CIT v M/s CUSHMAN AND WAKEFIELD (INDIA) PVT LTD [ITA No.475/2012 dated 23.05.2014] (Delhi HC)
The assessee, an Indian company, is engaged in the business of rendering services connected to acquisition, sales and lease of real estate and other services. The assessee reported following transactions under Section 92B:
(a) Payment of referral fee of Rs. 1,73,26,631/- by the assessee to several foreign AEs for referring clients, and
(b) Payment of Rs. 1,06,39,865/- as reimbursement to CWS (Singapore entity) and CWHK (Hong Kong entity) for costs incurred by them for certain coordination and liaison services in respect of their client, IBM.
No benchmarking or a transfer pricing analysis was conducted by the assessee. In this respect, the transfer pricing study submitted by it stated:
“A cost sharing agreement is a commercial decision of the company and helps the company liaise with international clients; it helps create a better understanding of client needs and disseminate information of the real estate market in India. The effort of these individuals is not a full marketing effort but provides a liaison and market access basis for the Company. The strong international presence of the Cushman and Wakefield group places it is a better position to identify and engage such a professional in a more cost effective manner than for the Company to do so directly with its own efforts.”
In respect of the reimbursement of costs to the AEs, the TPO disallowed deduction of the expenditure. Additionally, the AO disallowed the referral fees as a deductible expenditure, stating that no benefit was derived by the assessee from the referral fees paid to the AEs. The assessee preferred objections before the Dispute Resolution Panel (“DRP”), against both findings. The DRP concurred with the AO, leading to a final assessment order under Section 143(3) read with Section 144C. The assessee then appealed to the ITAT, which held in its favour.
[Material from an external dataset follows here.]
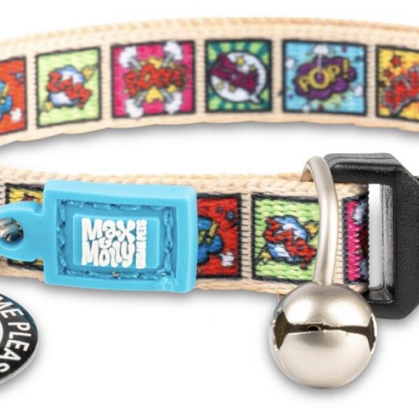 El collar Max & Molly Original Comic para gatos ofrece comodidad, ligereza y seguridad gracias a su cierre antiasfixia y campana. Incluye un código GOTCHA! único para registrar a tu mascota y facilitar su localización en caso de pérdida, combinando estilo, durabilidad y protección.

- The arguments advanced before this Court appears to divide this issue in two parts: first, whether services have indeed been provided by CWHK and CWS to the assessee, and second, whether these services ought to be benchmarked to determine to ALP considering the provisions of Section 92(3).
- Deduction of business expenditure under Section 37 for work undertaken by the AEs allows only for deduction of such amounts as incurred for the benefit of the assessee.
- Quintessentially, only those costs incurred by CWS and CWHK which led to a benefit to the assessee can be claimed by it under Section 37. Creating a distinction would lead to an illogical position where once the factum of benefit is established, the amounts claimed as a deduction for creating that benefit would be considered autonomously.
- The costs incurred by CWS and CWHK have not been disputed by the revenue. They were actually incurred.
- It is an admitted fact that the assessee did not attempt to benchmark this international transaction. Neither was such an exercise conducted by the TPO, and accordingly, till date, that vacuum exists. This vacuum remains despite Section 92(3) of the Act.
- Clause (3) of section 92 provides that if an ALP results in a decrease in the tax incidence in India, the true value of the transaction will be the value stated by the assessee and not the ALP. This conclusion, however, can only be reached after an assessment of the ALP and comparison with the income stated in the return.
- Undoubtedly certain amounts were charged by the AEs as reimbursement for actual costs incurred. Nevertheless, whether a third party – in an uncontrolled transaction with the assessee would have charged amounts lower, equal to or greater than the amounts claimed by the AEs, CWS and CWHK has to perforce be tested under the various methods prescribed in Section 92C of the Act.
- An independent entity would quite possibly include a mark-up over and above the cost, and thus, exceed the value charged by the AEs in this case. The sequitur cannot be that the cost incurred by those entities would be the same as the AEs in this case. This cannot be a matter of speculation. Nor is the application of Section 92(3) a logical inference from the fact that CWS and CWHK have only asked for reimbursement of cost. This being a transaction between related parties, whether that cost itself is inflated or not only is a matter to be tested under a comprehensive transfer pricing analysis.
- The issue is whether an independent entity would have paid for such services. Importantly, in reaching this conclusion, neither the Revenue, nor this Court, must question the commercial wisdom of the assessee, or replace its own assessment of the commercial viability of the transaction. The services rendered by CWS and CWHK in this case concern liaising and client interaction with IBM on behalf of the assessee – activities for which, according to the assessee’s claim – interaction with IBM’s regional offices in Singapore and the United States was necessary. These services cannot – as the ITAT correctly surmised – be duplicated in India insofar as they require interaction abroad. Whether it is commercially prudent or not to employ outsiders to conduct this activity is a matter that lies within the assessee’s exclusive domain, and cannot be second-guessed by the Revenue.
- For the consideration of ALP in respect of these transactions, the matter is remanded back to the file of the concerned AO, for an ALP assessment by the TPO.